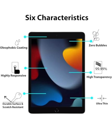 - خالية من أي فقاعات ولا تترك آثارًا. يقلل الطلاء المقاوم للزيوت من البقع وبصمات الأصابع. يمكنك تنظيف شاشة التابلت الخاص بك بمسحة بسيطة.
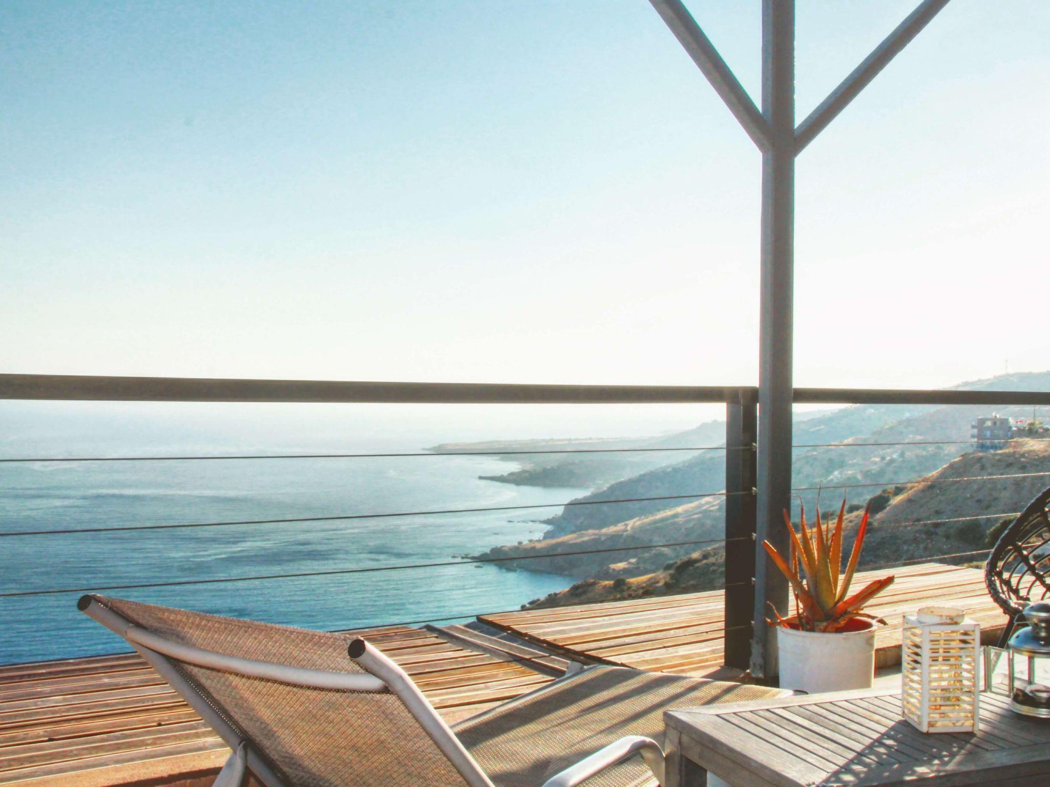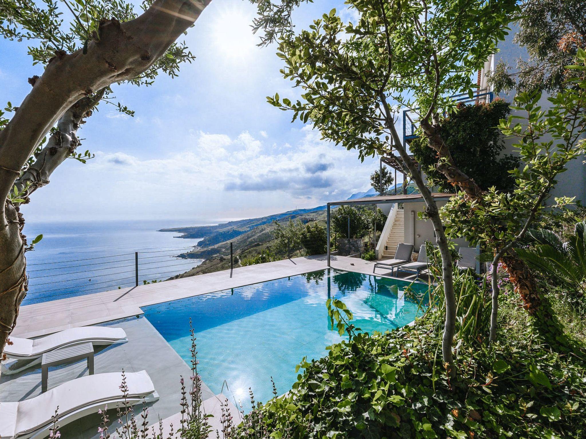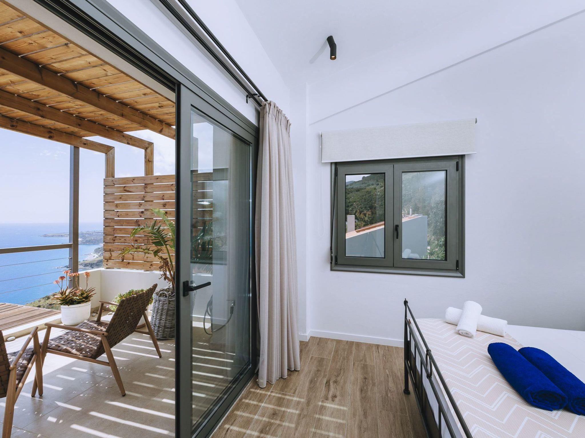 This Greek holiday villa is in the popular tourist destination of Rodakino (which translates to “Peach”), in South Crete. The luxury villa is also close to the quaint village of Plakias and is a great base from which to explore numerous Cretan attractions. Villa Spiros boasts classy, contemporary aesthetics and breathtaking sea views. Villa Spiros’s lounge is elegantly furnished and fitted out with a large TV and trendy sofas. The open-plan design of the villa’s living area has the dining and kitchen areas adjacent to the lounge, both tastefully furnished and equipped with all the modern essentials. The holiday home’s living area has large glass doors leading to a shaded balcony with an outdoor dining space and a private swimming pool area with sunbeds, umbrellas, a hammock, and a shower. This luxury holiday rental also offers access to a ping pong table and a vineyard. Villa Spiros has 3 fashionably decorated bedrooms, each boasting stylish and convenient desk and wardrobe spaces. The first is a single bedroom on the ground floor and is home to one bed. The other two bedrooms are on the top floor and have two combined twin beds in each, with glass doors and a spacious balcony providing magnificent sea views. There is a full bathroom on each floor and a storeroom with a safe-deposit box on the ground floor. The Spiros luxury holiday villa offers guests a welcome pack of fresh fruit, wine, and coffee capsules to enjoy on arrival. A cleaning service is available 3 to 4 days per week as required and there is private parking for 1 vehicle. Plan your luxury holiday at Villa Spiros and sit back as its sophistication and charm make all your Greek getaway dreams come true!
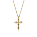 14K yellow gold puff cross necklace with a 0.02cttw diamond on a 17.5" adjustable cable chain.

◇ ◇ ◇ ◇ ◇ ◇ ◇

> WORK INSTRUCTION
Please repeat exactly the data above from its first line to the line that contains "This Greek holiday", inclusive, and leave every picture out.

> OUTPUT OF THE EXERCISE
 - خالية من أي فقاعات ولا تترك آثارًا. يقلل الطلاء المقاوم للزيوت من البقع وبصمات الأصابع. يمكنك تنظيف شاشة التابلت الخاص بك بمسحة بسيطة.
 This Greek holiday villa is in the popular tourist destination of Rodakino (which translates to “Peach”), in South Crete. The luxury villa is also close to the quaint village of Plakias and is a great base from which to explore numerous Cretan attractions. Villa Spiros boasts classy, contemporary aesthetics and breathtaking sea views. Villa Spiros’s lounge is elegantly furnished and fitted out with a large TV and trendy sofas. The open-plan design of the villa’s living area has the dining and kitchen areas adjacent to the lounge, both tastefully furnished and equipped with all the modern essentials. The holiday home’s living area has large glass doors leading to a shaded balcony with an outdoor dining space and a private swimming pool area with sunbeds, umbrellas, a hammock, and a shower. This luxury holiday rental also offers access to a ping pong table and a vineyard. Villa Spiros has 3 fashionably decorated bedrooms, each boasting stylish and convenient desk and wardrobe spaces. The first is a single bedroom on the ground floor and is home to one bed. The other two bedrooms are on the top floor and have two combined twin beds in each, with glass doors and a spacious balcony providing magnificent sea views. There is a full bathroom on each floor and a storeroom with a safe-deposit box on the ground floor. The Spiros luxury holiday villa offers guests a welcome pack of fresh fruit, wine, and coffee capsules to enjoy on arrival. A cleaning service is available 3 to 4 days per week as required and there is private parking for 1 vehicle. Plan your luxury holiday at Villa Spiros and sit back as its sophistication and charm make all your Greek getaway dreams come true!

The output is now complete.